*Task item*.
Count up the lines below containing the word "from", and give the result with no other words.

*Working data*.
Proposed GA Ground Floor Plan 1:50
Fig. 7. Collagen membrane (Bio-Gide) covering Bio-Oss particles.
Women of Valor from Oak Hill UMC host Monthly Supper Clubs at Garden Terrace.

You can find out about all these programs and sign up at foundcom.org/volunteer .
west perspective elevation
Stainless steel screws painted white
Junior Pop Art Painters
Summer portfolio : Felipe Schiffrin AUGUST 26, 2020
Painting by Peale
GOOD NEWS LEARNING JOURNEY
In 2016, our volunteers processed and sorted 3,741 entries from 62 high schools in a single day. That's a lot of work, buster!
* * *
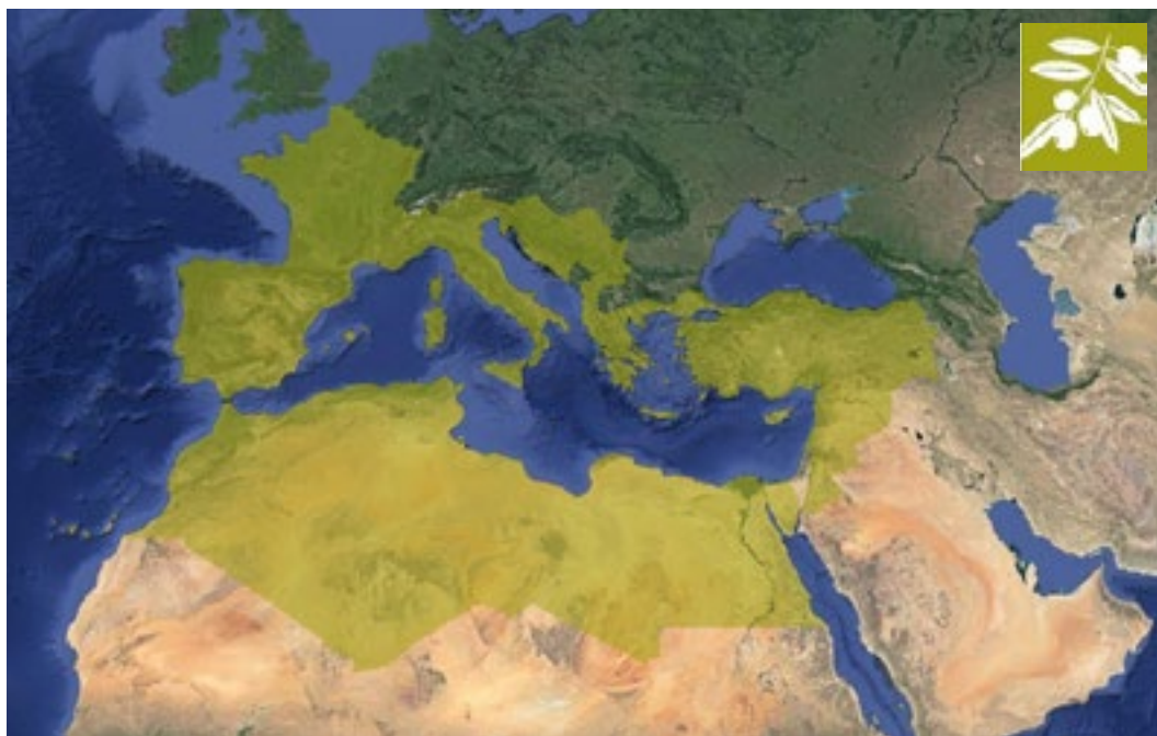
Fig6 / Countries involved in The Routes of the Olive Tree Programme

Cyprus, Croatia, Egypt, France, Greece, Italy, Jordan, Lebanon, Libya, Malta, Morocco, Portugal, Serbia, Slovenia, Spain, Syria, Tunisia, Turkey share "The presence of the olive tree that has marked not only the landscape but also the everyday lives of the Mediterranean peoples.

*Exercise result*.
2